Chikina Maria, Zaslavsky Elena, Sealfon Stuart C
Department of Computational and Systems Biology, University of Pittsburgh, Pittsburgh, PA 15217, USA and Department of Neurology, Icahn School of Medicine at Mount Sinai, New York, NY 10029, USA.
Bioinformatics. 2015 May 15;31(10):1584-91. doi: 10.1093/bioinformatics/btv015. Epub 2015 Jan 11.
Identifying alterations in gene expression associated with different clinical states is important for the study of human biology. However, clinical samples used in gene expression studies are often derived from heterogeneous mixtures with variable cell-type composition, complicating statistical analysis. Considerable effort has been devoted to modeling sample heterogeneity, and presently, there are many methods that can estimate cell proportions or pure cell-type expression from mixture data. However, there is no method that comprehensively addresses mixture analysis in the context of differential expression without relying on additional proportion information, which can be inaccurate and is frequently unavailable.
In this study, we consider a clinically relevant situation where neither accurate proportion estimates nor pure cell expression is of direct interest, but where we are rather interested in detecting and interpreting relevant differential expression in mixture samples. We develop a method, Cell-type COmputational Differential Estimation (CellCODE), that addresses the specific statistical question directly, without requiring a physical model for mixture components. Our approach is based on latent variable analysis and is computationally transparent; it requires no additional experimental data, yet outperforms existing methods that use independent proportion measurements. CellCODE has few parameters that are robust and easy to interpret. The method can be used to track changes in proportion, improve power to detect differential expression and assign the differentially expressed genes to the correct cell type.

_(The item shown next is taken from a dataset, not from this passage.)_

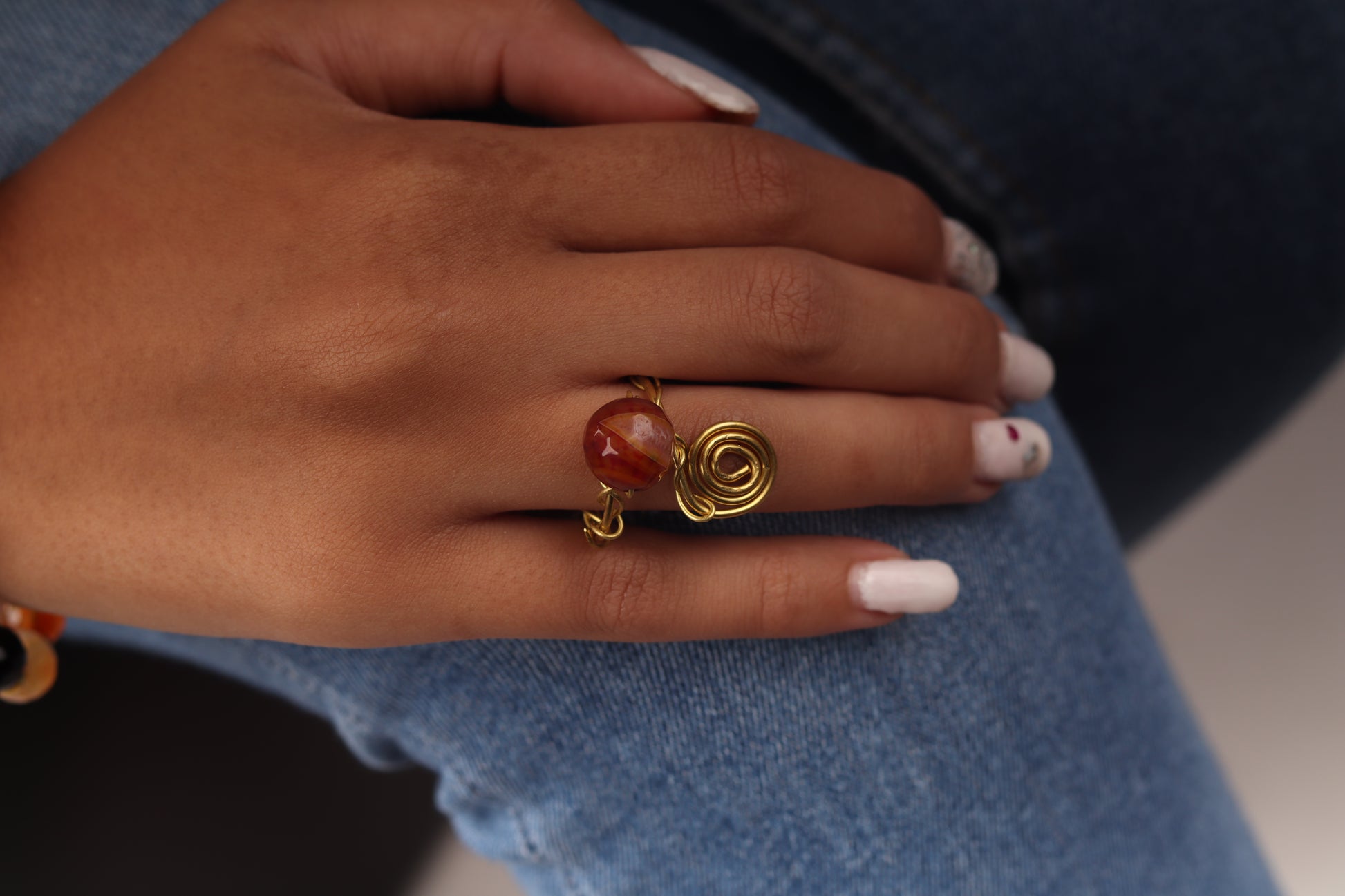 Colored beaded bracelet with copper wire and beads ring

识别与不同临床状态相关的基因表达变化对于人类生物学研究至关重要。然而,基因表达研究中使用的临床样本通常来自细胞类型组成各异的异质混合物,这使得统计分析变得复杂。人们已投入大量精力对样本异质性进行建模,目前有许多方法可以从混合数据中估计细胞比例或纯细胞类型的表达。然而,尚无一种方法能在不依赖额外比例信息(这种信息可能不准确且常常无法获得)的情况下,全面解决差异表达背景下的混合分析问题。
在本研究中,我们考虑一种临床相关情况,即准确的比例估计和纯细胞表达都不是直接关注的重点,而我们更感兴趣的是检测和解释混合样本中的相关差异表达。我们开发了一种方法,即细胞类型计算差异估计法(CellCODE),该方法直接解决特定的统计问题,无需混合成分的物理模型。我们的方法基于潜在变量分析,计算过程透明;它不需要额外的实验数据,但性能优于使用独立比例测量的现有方法。CellCODE的参数很少,且稳健易解释。该方法可用于追踪比例变化、提高检测差异表达的能力,并将差异表达基因分配到正确的细胞类型。